她微微蹙眉,尔后,轻然一笑:"七年已过,况且七年前我同他素来交集甚少,他又怎么能认出我?当年我窦家横祸尽是拜他所赐,以后,对于他,自然是能躲便躲,免得再引无妄之灾。"
邓骘眸色略变。
倒不是她的话中有多少诟病,而是她此番言论切入的立场和语气,让他隐约觉得,非常奇怪。
当年坠崖时,她的一句"无话可说",那般苍白空洞的眼神,如今单单是回忆,还依旧让他心肺绞痛。
"你……如今,终归是恨他,怨他多一些,是不是?"邓骘试探着,又问道,"我极怕你万念俱灰,或者……"

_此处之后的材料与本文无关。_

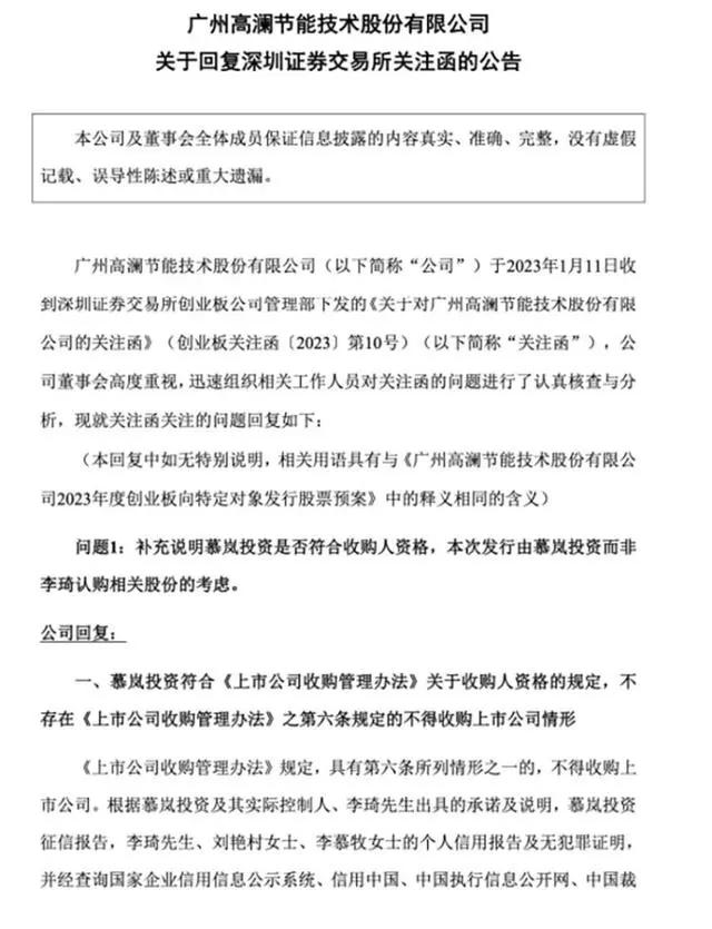 在1月13日的回复中,高澜股份表示,根据慕岚投资及其实际控制人、李琦出具的承诺及说明等资料,慕岚投资符合收购人资格。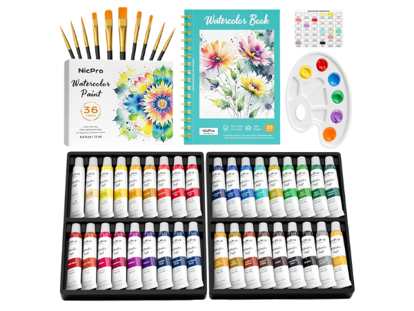 The Nicpro Watercolor Paint Set is designed to give artists everything they need in one comprehensive package. With 36 richly pigmented tubes, brushes, paper, and accessories, it’s a complete solution for beginners and professionals alike.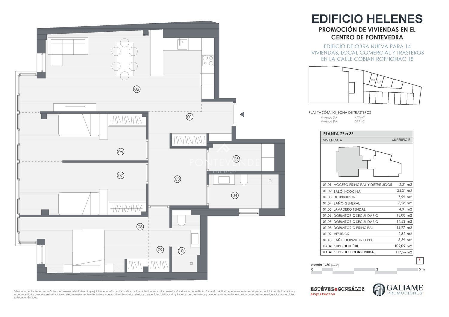 Vivienda de obra nueva en el centro de Pontevedra, ubicada en la tercera planta del Edificio Helenes, un edificio moderno, eficiente y de diseño contemporáneo.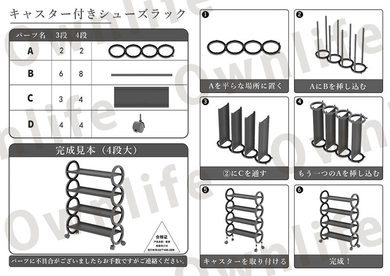 キャスター付き 簡易シューズラック

"姐姐一出事,他就忌惮着清河王,迫不及待要拉下阴氏折断清河王切断清河王内宫里的臂膀。当年我皇姑母究竟是怎么死的,只怕还蹊跷的很。窦安然的存在,他应当是并不知晓的,不如,我们先将安然托付到雒阳城外,如何?对了,他如今善用你,保不齐等到什么时候,你军功卓越了,就是下一个阴家。邓骘,这个人,轻易信不得,你日后一定要多做斟酌……"
邓骘瞳孔缓缓放大。
不,不对。
窦归荑过去从未如此,以这般最为险恶的坏意去猜测刘肇。难道是当年的事情,让她彻底顿悟了?可,可是……
等等,她刚才说,刘肇不知道窦安然的存在?
可是——
邓骘终于发觉到了哪里不对劲。
窦安然出生,正是边疆传旨于正在窦五侯爷府的刘肇,被当时的侯爷夫人青釉听取而早产所致。此后,窦归荑还不止一次地拉着刘肇去看过窦安然!
她怎么会说,刘肇并不知道窦安然的存在?!
邓骘眸光里多了几分不可思议,盯着她的后颈,眼光惊颤。
"你……你可还记得,你伯父们出事那一日,你和陛下……我知道,那个诺言几分荒唐,几分……"
他旁敲侧击地试探。
"伯父出事那一日,我何时见过陛下?我明明是遇见了被阴家的人追杀的云姑姑和安然,云姑姑为救我们而死在了那阴家人手上,而我,也……"
邓骘眼底迸射出惊异的光。
这个丫头,她什么都想起来了——
除了,刘肇。
她的记忆深处,最最不能触碰的那一段记忆,被她自己给彻底……尘封了。
所以说,她才对刘肇并无任何的直观感触,尽是观棋者一般推敲出的论断,所以,她才会那般风淡云轻毫无挣扎地,对刘肇予以最险恶的猜忌。
邓骘猛然间抬起头望望天。
这才是真正的,天意难违。
他对当年窦归荑与刘肇有着怎样的过去,知道得并不尽然。但是他始终都觉得,那在窦归荑心中,是心底高高筑起的百丈城墙,抵御任何人,对刘肇的忌惮诋毁。
那城池里的旖旎绮丽,不为这世间的一切而割让分毫。
就好比八年前,他撒过的所有谎她都可以轻而易举地被骗,唯独关于刘肇的真言劝说,她却始终一字不信。
但凡她对那人有那怕一点儿戒备心。
但凡她……学会在每一次被伤害后,去远离他。
但凡她,对他不是此般倾尽所有地相信与依赖。
刘肇,你可明白,她是可以轻而易举,得到这世间最好一切的人。她是权倾朝野的窦家嫡女,她自出世,便注定一生站在权力的巅峰。但她为了你,什么都不再拥有。
对于窦归荑心中高筑的城墙,他爱之,又恨之。
爱而不得,恨而无湮。
他在她身后,抱着她,忽然间如同一个孩子一般呢喃道:"窦归荑,原来,覆水可收,江河可逆,兜兜转转,八年,复归伊始。"
耳畔的雨声,竟也莫名地畅快起来。
"这么说,陛下那人,当真是不得城府颇深,不得轻信。那你说,我们该如何是好?"邓骘嘴角莫名地扬起,说着"我们"二字时,心情竟是无比畅快。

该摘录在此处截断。